Here’s a live recording, filmed by Egil Andersen and posted on his Youtube channel. Crossroads, written by Don McLean in my arrangement.
Line Ira who runs the Perfect Sounds Forever concept in Bergen invited me to warm up for Jeffrey Lewis & Los Bolts when they came to Bergen. So I brought my fathers Alhambra nylon string guitar and played a few songs from The Course of Things and Our Insignificance (iTunes, Spotify) that I released back in february just after my father passed.
I’ve been struggling a little whether I should «use» my father’s death in my music, and really had to think things through: I don’t want to prostitute myself or the people I love to stand on some stage. But life events like these is exactly why music has become so important, it is a therapy and for my own sake and if someone finds any joy or comfort in it then I am grateful. When I sing I sing about the things that puzzle me or occupy my mind. For the last eight or nine years or so my fathers illness has played a big part in my life, and the last six months of his life was a true nightmare. Emotionally it was so for me aswell, but what hurt me was to see how much he hurt, and the terror and angst that tortured him up until he left for good.
The last week he lived I lived in the nursing home with him, sleeping in the room next door. When I wasn’t by his bed side I was in my room, recording. The four EPs that came out winter/spring this year was all recorded there. So that I will never forget that time. So that I will never forget how much I loved my father. After he passed this has become increasingly more important to me to remember. His girlfriend derailed the minute my dad couldn’t speak anymore and revealed a side of human nature I thought I’d never get to experience. That ring she put on his finger a month before he died – little did I know she would use that to take every material thing away from me and my brother. How I wish my father could see what is happening now. What happened there in his room when he was too medicated and sick to stay awake. When faced with greed and mental sickness of this kind I’ve had to focus on what matters the most: the life I have, the life my father had, the life me and him had together. In objects there is no trace of that. I remember my dad talking about his love for Fernando Pessoa – the power of imagination. But it takes a lot, a lot.
Well. Anyway. Here’s a song that sums up a few things about fatherhood, childhood, death and family.
It’s never an easy task to get the overview on the my recordings, and this doesn’t make it any easier. Sorry.
Since the fall of Myspace and AmieStreet this release has yet not been released on Spotify and iTunes, and it is now finally available there. 19 songs, some of them also available on Vamoose!
The songs exclusive to this release is:
Holes in the World, Windmill Eyes, How I Change, Chasing Feet (A Sunday and two hours), Only Color True, Feeling Green, A Glance, Surfer’s Morning, Let Me Bleed, Short of Breath, My Name is Death.
All these recordings were recorded entirely by me on various locations, except Holes in the World that was recorded in Lars Wiik’s home, and was done by him.

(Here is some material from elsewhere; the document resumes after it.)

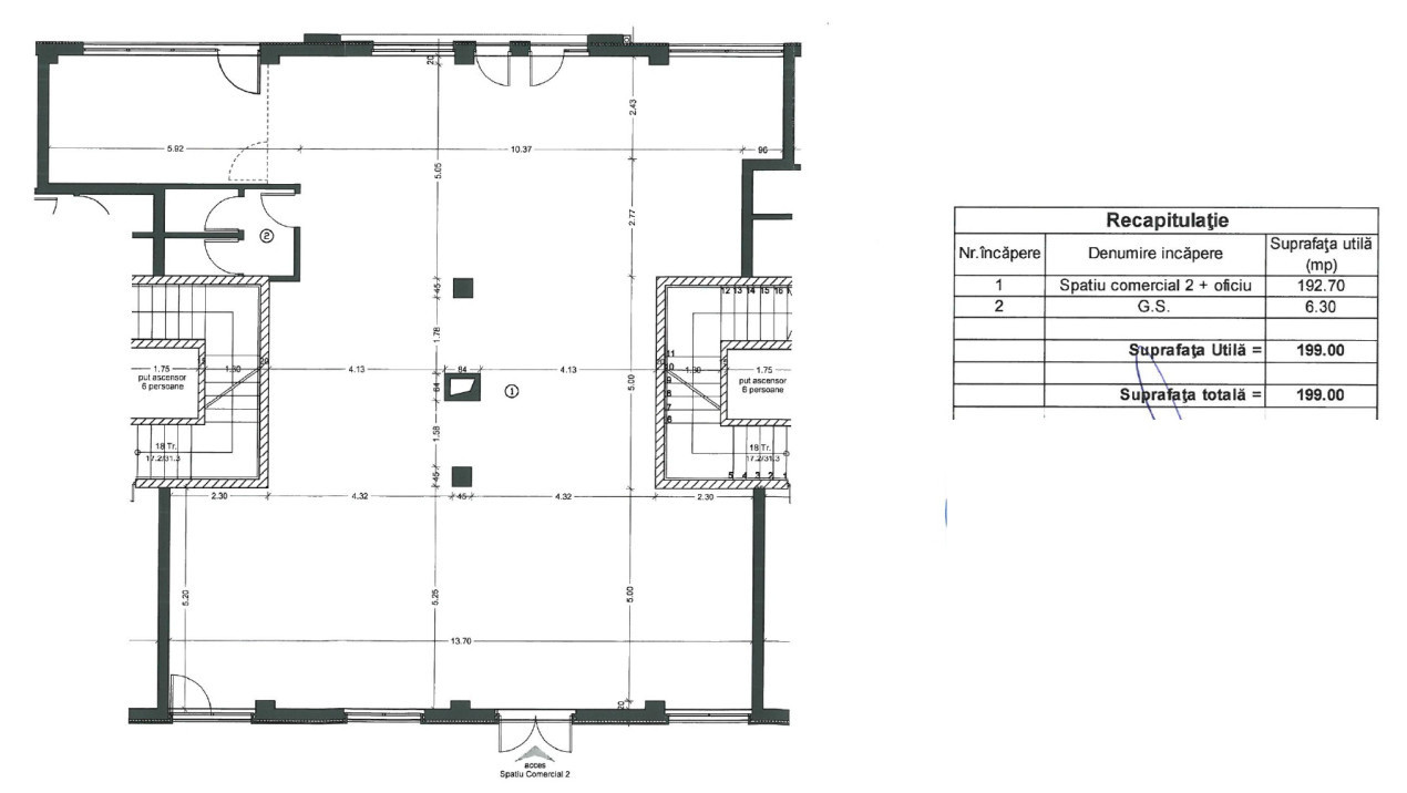 Proprietatea are o suprafață utilă totală de 199 mp, fiind împărțite astfel: spațiu open-space, grup sanitar. Momentan este compartimentat, însă există posibilitatea de recompartimentare interioară după preferințe.

The second release from my time in Florø with my father. This is a release consisting of five instrumental pieces played on fingerpicked nylon string guitar.
Recorded during the month of December 2015. Since november 2015 my father has been on his last, sick with cancer, and he has been forced to commit himself to a nursery home in Florø. During this time I’ve left my home in Bergen to stay with my father, and his wife. We’re watching out for father on shifts, and during the time I’ve had by myself I’ve making music and recording. This album is a result of this.
The first track is a mellow version of the Burzum classic, and a favorite of mine. I’ve rearranged it to a open tuning (dadga#d, all other songs on this release are also using this tuning) and arranged a vocal melody for it.
The second song is one of my fathers favorite songs and was written by Don McLean and released on his American Pie album.
The last two tracks were written by me, and also revolve around the themes I’m surrounded by these days. Memories. Death. The future. Fatherhood. Childhood.
Got hours of music just lying around on the computer, so this might count as another step to make it accessible.
My Hometown was written, I think, in 2003 or 4 and recorded maybe in 2005 together with Bosse Litsheim of Ai Phoenix on percussion and backing vocals and Jørgen Sandvik – artistside of Real Ones on mandolin and backing vocals. I sang, plucked the guitar and played the lap steel guitar on this one.
We travelled together with our instruments to Høyanger located by the Sognefjord. Me and Jørgen stayed in the late Bønna’s house (if I remember correctly). I think we were there for a week and recorded in the old gun club house. It seems like forever ago, and judging by the lyrics it is forever ago also. A year earlier I had discovered the Bonnie “Prince” Billy record Master And Everyone, and I was also pretty much soaked in compulsive Elliott Smith listening, finally finding something else than old country-blues, british folk from the 60s and Bob Dylan.
Its been a long road since then, and this was my first in a studio, and a first together with other musicians. I had shown Jørgen my four-track demos of this song and a few others and he wanted us to take it a step further. Bosse planned things, and made it happen.